> WHAT IS NEEDED: Beginning at the line containing "Uyanış: Büyük Selçuklu", repeat each line below exactly up to and including the line containing "2002年5月13日世界法轮大法日,大法弟子整点发正念,铲除邪恶,学法提高心性。 | |". Do not repeat the pictures.

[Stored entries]
===============

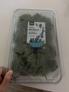 サラダ用の葉っぱのサラダほうれん草は5.99ドル/ポンド(810円)。180円/100g。
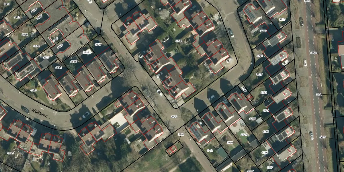Het perceel waarop Wolfsven 23 staat heeft een oppervlakte van 3149 m². Dit is een zeer groot perceel. De perceeloppervlakte wordt geregistreerd door het Kadaster. Gedetailleerde informatie over de maten van dit perceel kunt u vinden in het rapport Kadastrale kaart met maatvoering van Wolfsven 23.
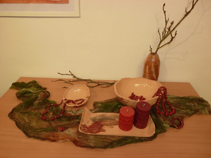 Touto akcí byla završena celoroční spolupráce Domova bez zámku se Základní školou ve Velké Bíteši, Tišnovská 116. Společně s pedagogy, paní ředitelkou, dětmi a našimi uživateli jsme se potkávali, tvořili a vyměňovali si zkušenosti. Při posledním setkání na zahradě školy vznikla i plátna, která byla na výstavě k vidění. Každý návštěvník si mohl najít něco svého, co ho dokázalo zaujmout. Ať už to byly obrazy, některé z nich malované pigmenty získanými z hlíny, příležitost postavit si sochu podle vlastní fantazie, nebo se potěšit originálními šperky.
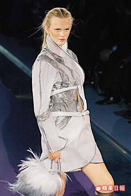 古羅馬武士服的元素,KarlLagerfeld在今個春夏Fendicollection已先作着墨,但那是個充滿女人味的collection。風景一轉,在秋冬Fendicollection上,武士盔甲式的裝飾元素仍然保留,但卻滲入可以很少女味道的spaceage風情。
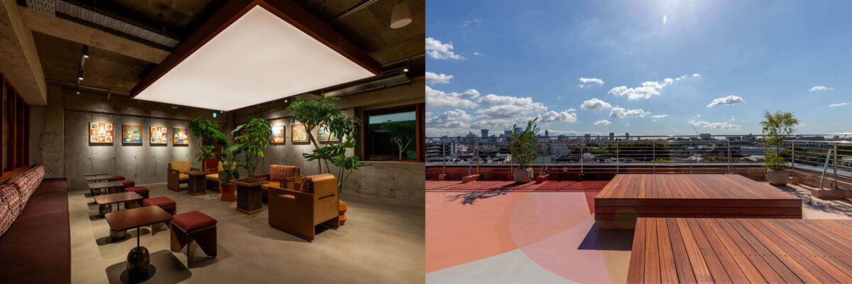 「THESTEPS」の2〜7階はリアルゲイトが運営するシェアオフィスになっており、12㎡〜91㎡台の全24区画からなる個室オフィスのほか、1名から利用可能なフリーデスクプランも。2〜4階には入居者専用の共有ラウンジを備えている(左写真は2階のラウンジスペース)。7階から階段を登ると幡ヶ谷の街並みが一望できるルーフトップテラス(右写真)もあり、このテラスを始めオフィス専有区画内ではペットフレンドリーというのも見逃せない。現在お問い合わせや内覧を受付中。
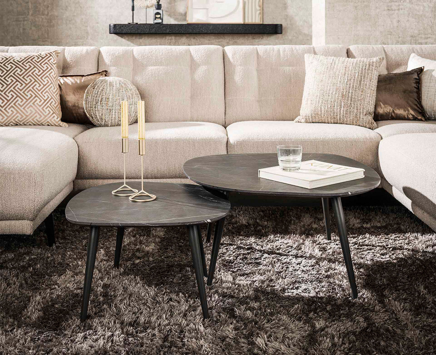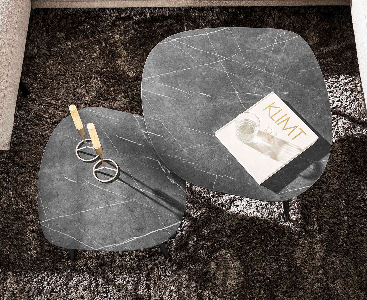 Couchtisch 2er Set Rock Organic 3D Schwarz-Braun
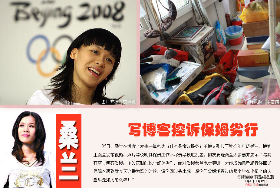 中新網本周熱點人物之——桑蘭 近日,桑蘭在博客上發表一篇名為《什么是家政服務》的博文引起了社會的廣泛關注。博客上桑蘭發布視頻、照片等說明其保姆工作不盡責導致臟亂差。有網友質疑桑蘭太多事并表示“與其有空寫博客質疑,不如花時間找個好保姆”。面對質疑桑蘭稱“別以為‘輪椅事件’ ‘神醫門’‘保姆門’就認為我是個怨婦或者那么唧唧歪歪。等哪一天你坐上輪椅乘飛機,你成為患者或者你雇了保姆也遇到我今天這番為難的時候,請你回過頭來想一想你們曾經炮轟過的那個坐在輪椅上的人當年是如此的艱難!”
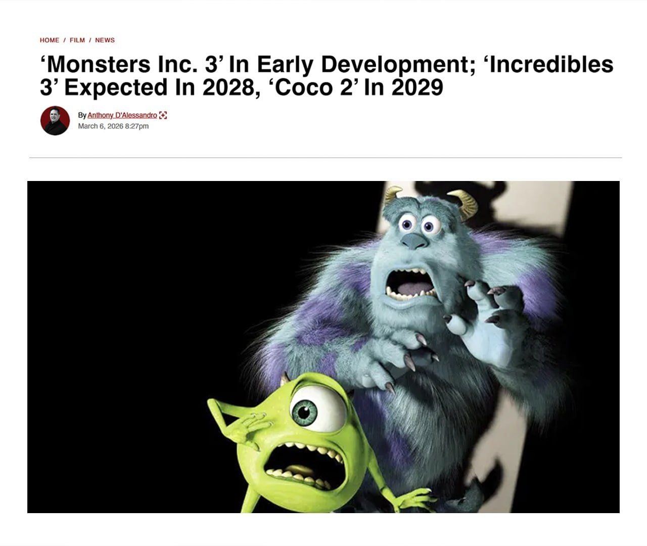 Официально подтверждено: «Корпорация монстров 3» находится в разработке. Эту новость сообщил Wall Street Journal в рамках подробной статьи о внутренних процессах Pixar. Кроме того, ожидаются «История игрушек 5» и «Суперсемейка 3».Официально подтверждено: «Корпорация монстров 3» находится в разработке. Эту новость сообщил Wall Street Journal в рамках подробной статьи о внутренних процессах Pixar. Кроме того, ожидаются «История игрушек 5» и «Суперсемейка 3».· 0 Commenti ·0 condivisioni ·85 Views
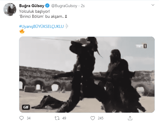 Uyanış: Büyük Selçuklu dizisinin başrol oyuncusu Buğra Gülsoy Twitter hesabından paylaşım yaptı.
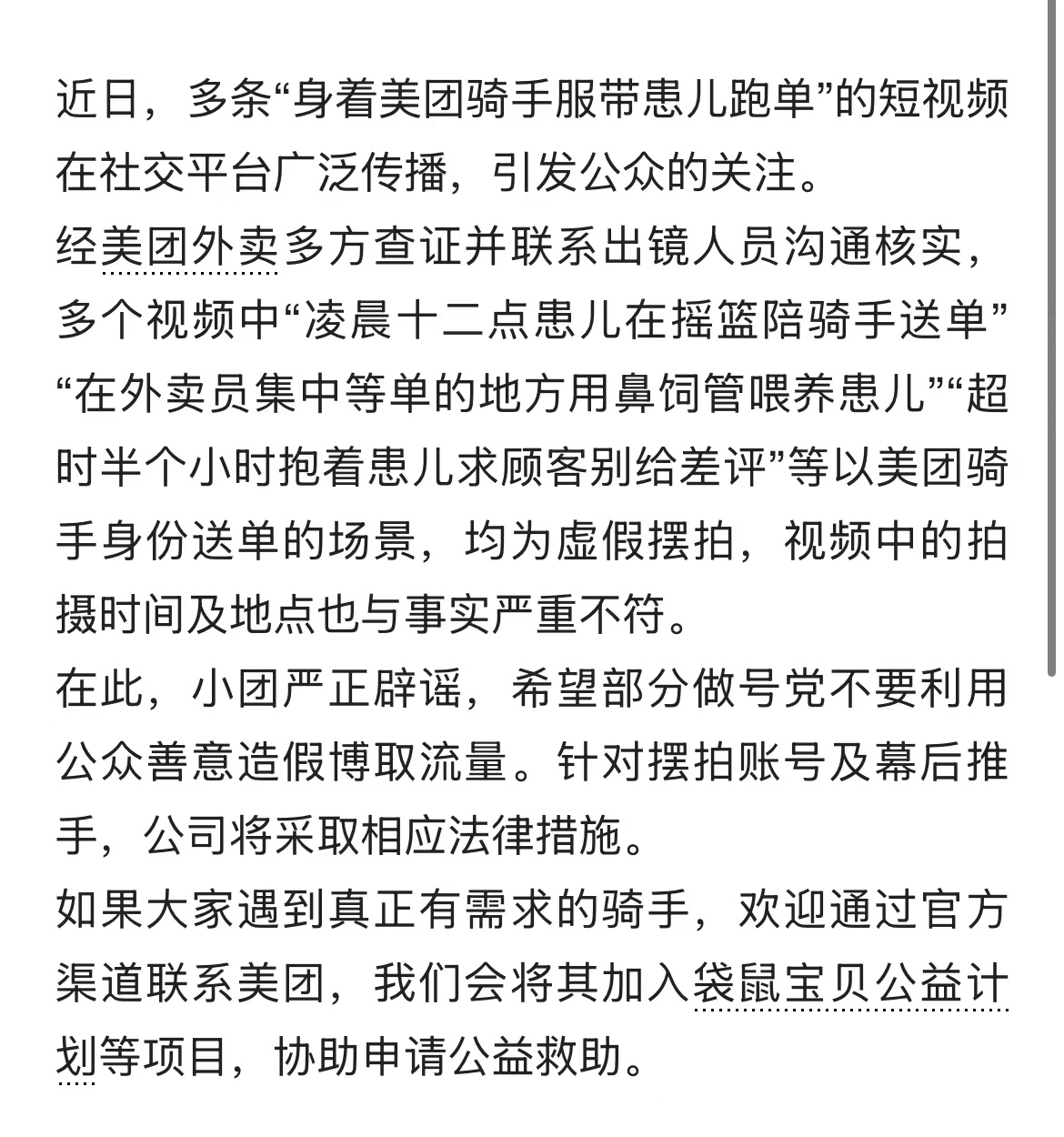 在相关视频引发关注后,美团外卖对外发布辟谣声明:经多方查证并联系出镜人员沟通核实,多个视频中“凌晨十二点患儿在摇篮陪骑手送单”“在外卖员集中等单的地方用鼻饲管喂养患儿”“超时半个小时抱着患儿求顾客别给差评”等以美团骑手身份送单的场景,均为虚假摆拍,视频中的拍摄时间及地点也与事实严重不符。
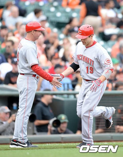24일(한국시간) 미국 캘리포니아주 샌프란시스코에서 열린 2013 메이저리그 샌프란시스코 자이언츠와 신시내티 레즈의 경기, 3회초 무사에서 신시내티 보토가 중월 솔로 홈런을 치고 그라운드를 돌고 있다.
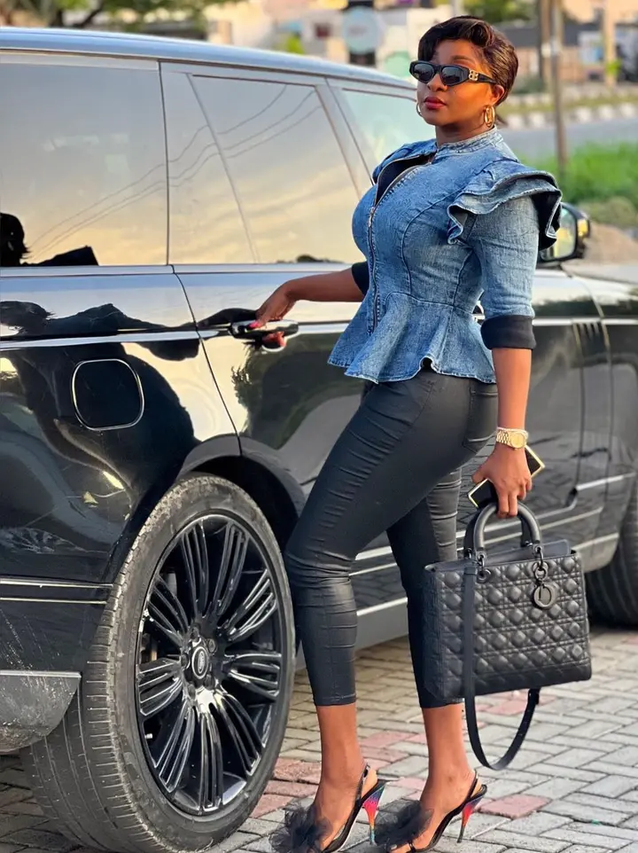 Ini Edo is no doubt one of the most fashionable women we have in the Nigerian entertainment industry, she blows people away with whatever she wears anytime she steps out. The Nollywood actress caught the attention of netizens as usual earlier today when she took to her personal Instagram handle to share new photos of herself rocking a stylish outfit, she looked stunning as she flaunted her beauty and physique in a well designed blue jean blouse and black leather tights.
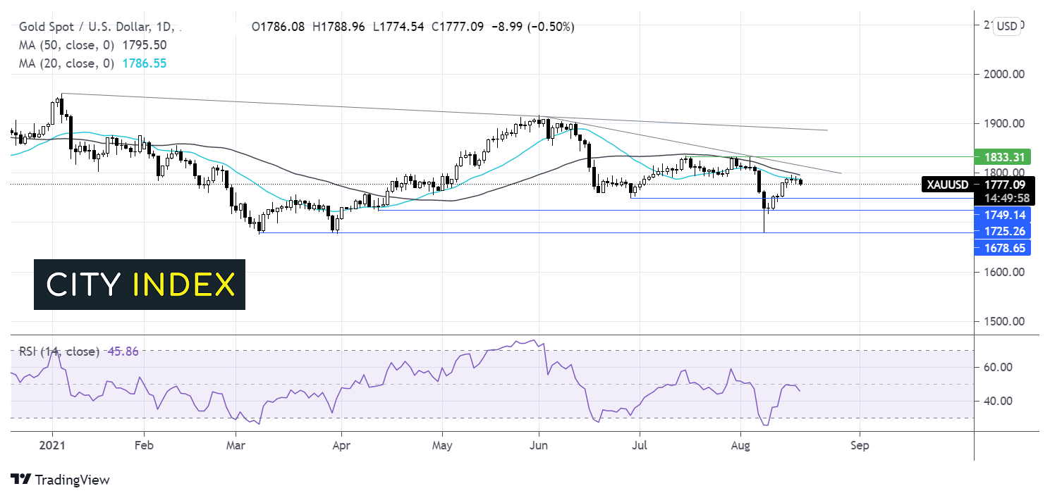 支撑见于6月低点1750点,然后是4月低点1730点,接着空头可能会等待金价再度测试8月低点1679。
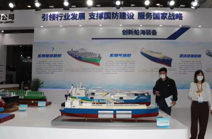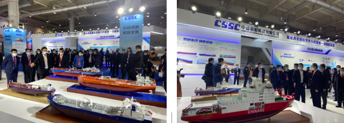 在創(chuàng)新船海裝備展區(qū),中國(guó)船舶集團(tuán)集中展示了清潔能源船舶、系列LNG船、系列集裝箱船、系列油船、系列散貨船、系列科考船、系列特種船和未來船舶八個(gè)板塊。
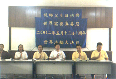 | 2002年5月13日世界法轮大法日,大法弟子整点发正念,铲除邪恶,学法提高心性。 | |
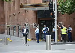 La crisis de rehenes en Sídney tuvo lugar desde la mañana del 15 de diciembre hasta la madrugada del 16 de diciembre de 2014 en Martin Place, en el centro de la ciudad de Sídney (Australia). 17 personas[12] fueron tomadas como rehenes en una cafetería y chocolatería local por Man Haron Monis, un clérigo musulmán radical.[7][8][9][13][14][15] Once personas lograron escapar, seis de ellas luego de una acción policial con explosivos, disparos y destellos de luz en la madrugada del 16 de diciembre.[16][17][18] En la irrupción policial fallecieron Haron, por disparos de la policía, y dos de los rehenes. Otros tres rehenes y un policía resultaron heridos.[19][3]
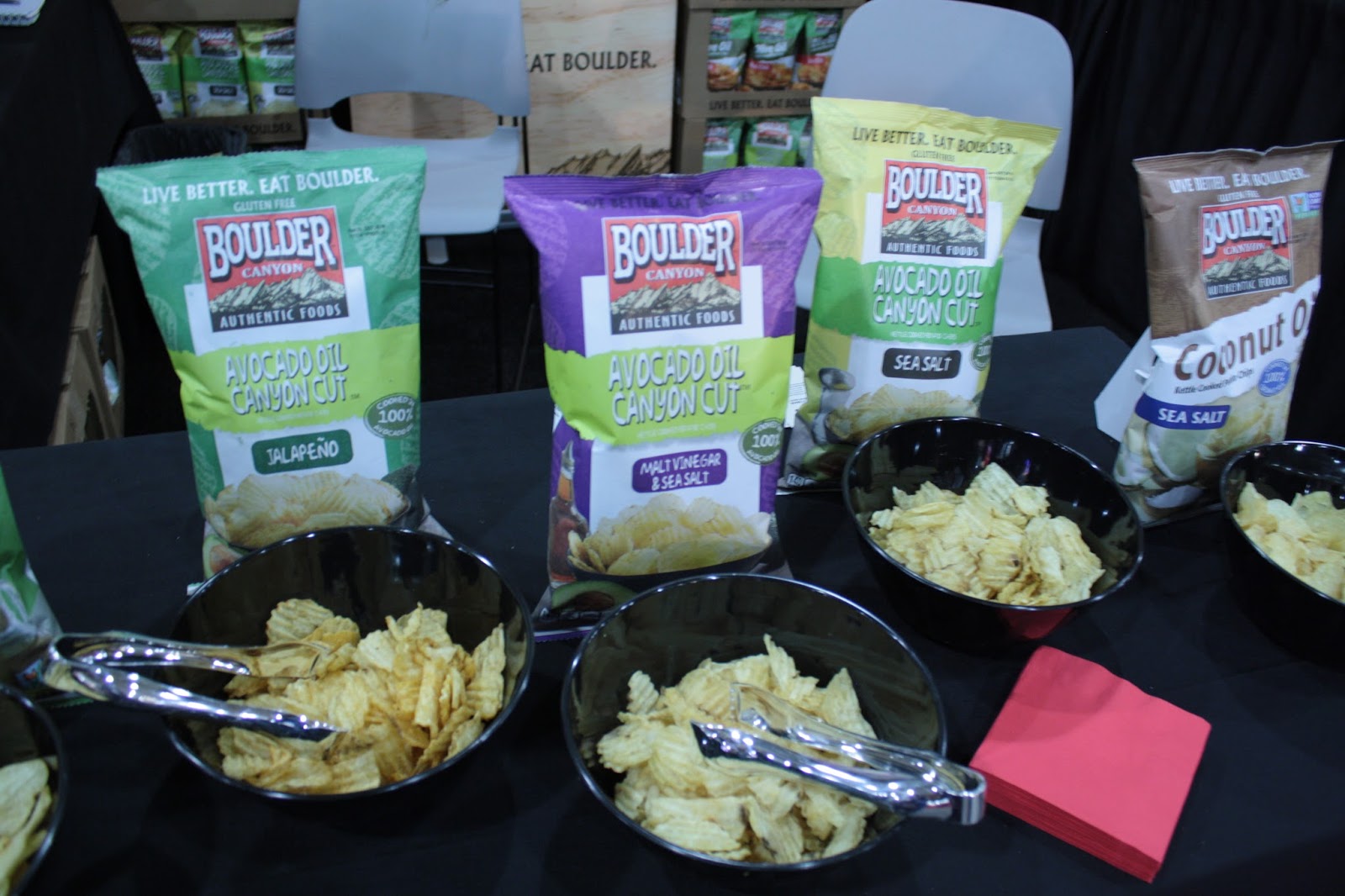 | My beloved Avocado Oil salt & vinegar chips <3 No one was at this booth, so I couldn't tell them how much I loved their product, but if you're reading this, the vinegar ones are the best! You should have sample sizes of that one! It's way better than the normal sea salt ones you had at the table. |

===============

> ANSWER FOR THE TASK:
 Uyanış: Büyük Selçuklu dizisinin başrol oyuncusu Buğra Gülsoy Twitter hesabından paylaşım yaptı.
 在相关视频引发关注后,美团外卖对外发布辟谣声明:经多方查证并联系出镜人员沟通核实,多个视频中“凌晨十二点患儿在摇篮陪骑手送单”“在外卖员集中等单的地方用鼻饲管喂养患儿”“超时半个小时抱着患儿求顾客别给差评”等以美团骑手身份送单的场景,均为虚假摆拍,视频中的拍摄时间及地点也与事实严重不符。
24일(한국시간) 미국 캘리포니아주 샌프란시스코에서 열린 2013 메이저리그 샌프란시스코 자이언츠와 신시내티 레즈의 경기, 3회초 무사에서 신시내티 보토가 중월 솔로 홈런을 치고 그라운드를 돌고 있다.
 Ini Edo is no doubt one of the most fashionable women we have in the Nigerian entertainment industry, she blows people away with whatever she wears anytime she steps out. The Nollywood actress caught the attention of netizens as usual earlier today when she took to her personal Instagram handle to share new photos of herself rocking a stylish outfit, she looked stunning as she flaunted her beauty and physique in a well designed blue jean blouse and black leather tights.
 支撑见于6月低点1750点,然后是4月低点1730点,接着空头可能会等待金价再度测试8月低点1679。
 在創(chuàng)新船海裝備展區(qū),中國(guó)船舶集團(tuán)集中展示了清潔能源船舶、系列LNG船、系列集裝箱船、系列油船、系列散貨船、系列科考船、系列特種船和未來船舶八個(gè)板塊。
 | 2002年5月13日世界法轮大法日,大法弟子整点发正念,铲除邪恶,学法提高心性。 | |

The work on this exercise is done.